Jack knew this would be her reaction, but it still disappointed him. Much as he himself would like to chatter on with the Kate he knew on the island, instead of the drawn, tired girl he had been seeing lately, it needed to be brought up.

"No, Kate." He said as gently as he could. "We need to talk about your trial. I know you don't want to, but… at least give me a few details. Have you met with your lawyer?"

She brought her hands down, and he saw that she had already transformed back into the sad, worried post-island Kate. She sniffled a little, but she wasn't crying. She bit her lip. "Yeah. Once." Jack looked at her expectantly, wanting her to elaborate.

"He was okay, I guess. He knows all about me and everything." She shrugged, her eyes fixated on the table surface. Jack heard her tap her foot against the floor as if she was already bored with the conversation. If you could call it that. Jack thought sardonically. He watched her until she glanced up.

Exasperated, Kate rolled her eyes like a disgusted teenager. "What do you want me to say? It's hopeless! Everything I've been charged with is true. Everything I'm charged with is really what I did."

She hit the arm of her chair with her palm, enunciating every word. "I'm here. For. What I did. And there's no excuse, no explanation that will change the goddamn jury's mind, Jack." She glared, but he knew she wasn't glaring at him – her ferocity was directed towards herself. She leaned forward.

"Thirty years in prison. That's what he said it could be." Her voice caught. "I would be fifty-seven. I would be fifty-seven." She repeated. And then she exhaled a long, labored breath. She closed her eyes for a second, and then opened them, blinking hard.

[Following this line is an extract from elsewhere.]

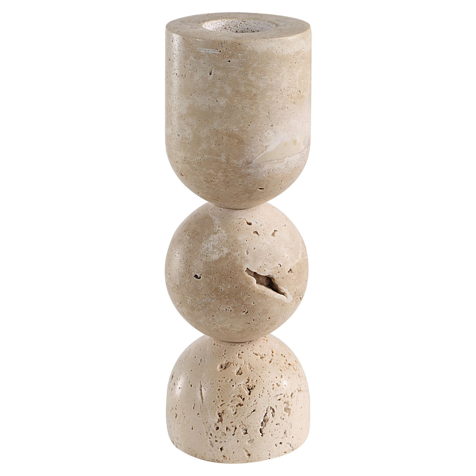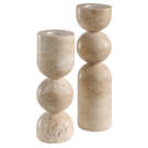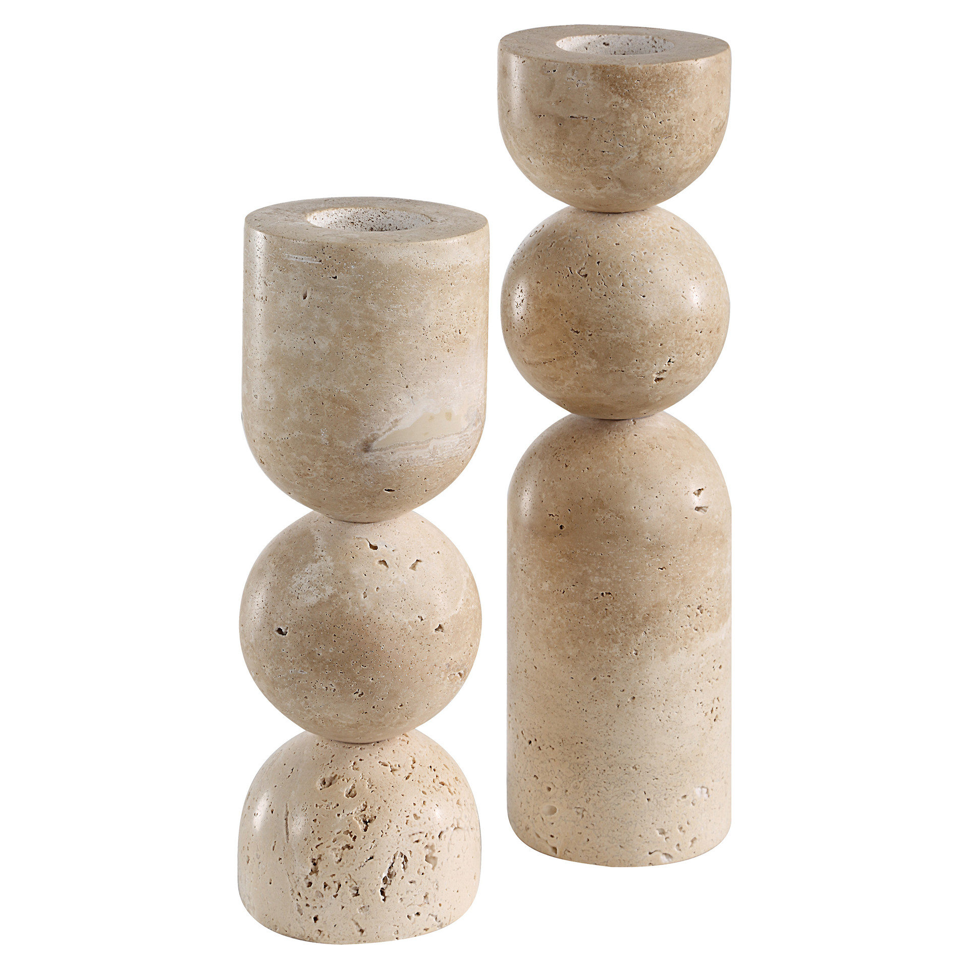 Ce set de deux chandeliers en travertin, qui s'intègre parfaitement dans les décors contemporains et transitionnels, apportera chaleur, texture et intérêt visuel à toute étagère ou table.
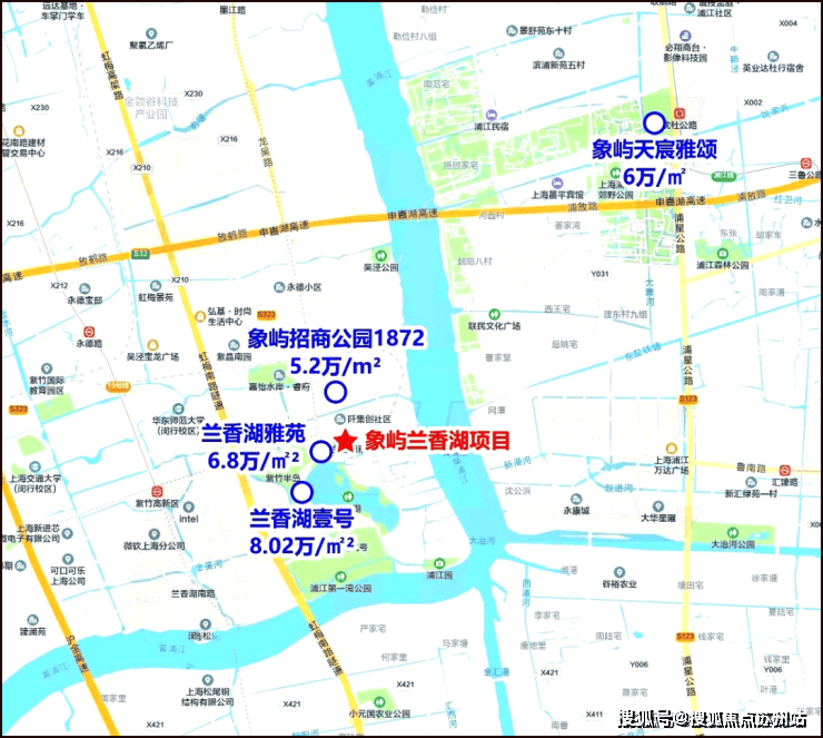上面的科创空间图,又能从另一个角度,说明大零号湾所处于的战略位置。这一横一竖两条科创轴线,几乎把上海最重要的产业区、交通枢纽、城央商圈都连了进去,兰香湖周边俨然形成了一个中央交汇节点。这样的空间格局,纵观上海,好像也很难寻觅到了。

And Jack knew Kate was relieved to have finally said it. She sat slumped in her chair, almost deflated of all the bottled up thoughts she had let out. Her mouth was in a hard, thin line, severe and unforgiving. Her bony arms were wrapped around herself like they always were when she was trying to protect herself. She was trying to hold herself together, still blinking angrily at unwanted tears.

Jack leaned across the table and put his hands on her cheeks lovingly. She looked up at him mournfully. Jack smiled sadly.

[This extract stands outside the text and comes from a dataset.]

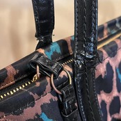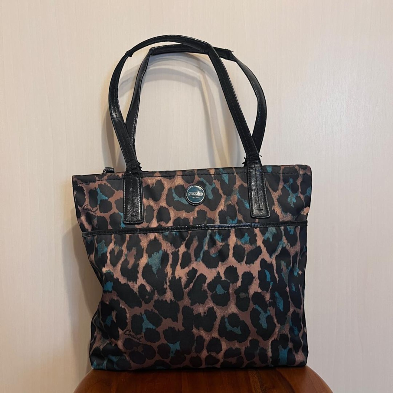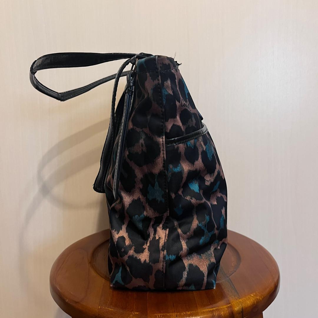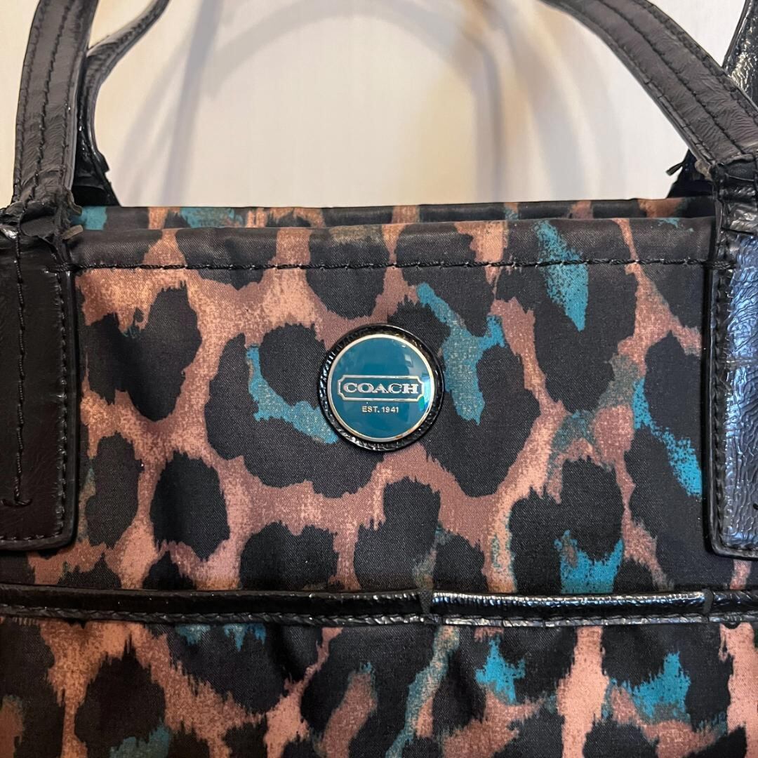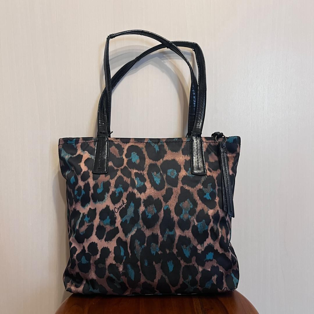 COACHの豹柄トートバッグ。存在感のあるアニマルプリントが特徴で、コーディネートのアクセントになるデザイン。収納力もあり、普段使いからお出かけまで幅広く活躍するアイテムです。

"And I'll be sixty-one and waiting for you."

Kate laughed softly through her tears. "I believe you." she said after a moment.

A security guard barked loudly, addressing the whole room full of people. "Visiting hour is over!"

And chairs scraped, goodbyes were said, and feet scuffled. Finally, reluctantly, Jack let go of Kate. He turned to go, and was halfway across the room, when he heard Kate call him.

"Hey Jack?"

He turned to face her again, his hands in his pockets. She remained seated although the last of the other prisoners were already walking back to their cells.

She nodded. "Go to the wedding. You were our savior. And I think…" She stood up at the impatient urging of the security guard. "I think to most of us, you still are."

She smiled a little, that familiar crooked grin, and was escorted out of the room.